Ensuite, j'ai vérifier tout les cables, apparement ils sont tous en place. J'ai aussi bidouillé un peu les deux vis de l'écran (sur le côté) maisn rien à faire, il avait bien démarrer mais sans musque au début et sans écran.
Essayant de l'éteindre de manière correct j'appuie assez longuement sur le bouton d'alim devant, etb là il se met en veille (j'avais oublié cette fonction du bouton d'alim :rose: ) donc je le laisse et dépose le message précédant.
Après, j'essaye de le sortir de veille avec le clavier et la il se met en vert et environ 15 sec après, l'écran réapparait impecable.
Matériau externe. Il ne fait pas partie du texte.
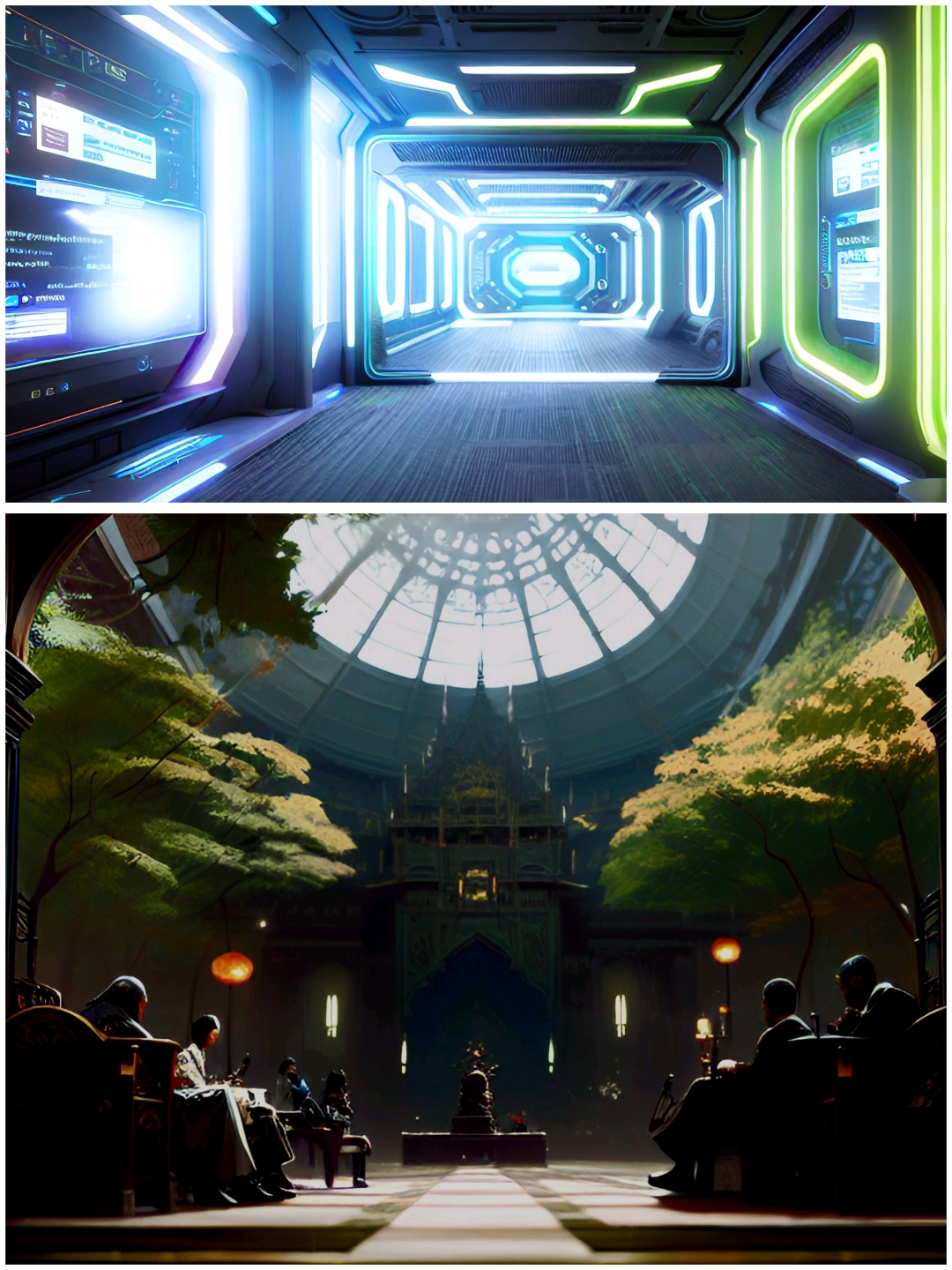 Passing one last section, we reached the central hall of the building, where the Council members had gathered waiting for our arrival. In the half-light of the hall, I could make out six silhouettes sitting on benches arranged in a semicircle.

Là je comprend vraiment rien.
Je suis à peu près sur que cela vien de s a surchauffe mais pouvez vous me conseillé un système ou me dire d'ou vient la panne exactement pour pouvoir agir au mieux por que cela ne se reproduise pas?
Merci


----------



## Hurrican (19 Août 2004)

A mon avis ton tube est en train de lacher. 
Maintenant, il se peut que ton disque chauffe beaucoup et provoque une dilatation, d'où les ennuis.
Le mieux est de mettre l'iMac dans un endroit bien ventilé, car il n'a pas de ventilo !
Ou alors tu récupères un ventilo de PC (çà se trouve partout ...) et tu le colles sur la grille aérée haute (à l'intérieur c'est pas possible ...), de telle manière qu'il aspire l'air du mac. Là, refroidissement assuré, mais esthétique, et bruit en sérieuse baisse.


----------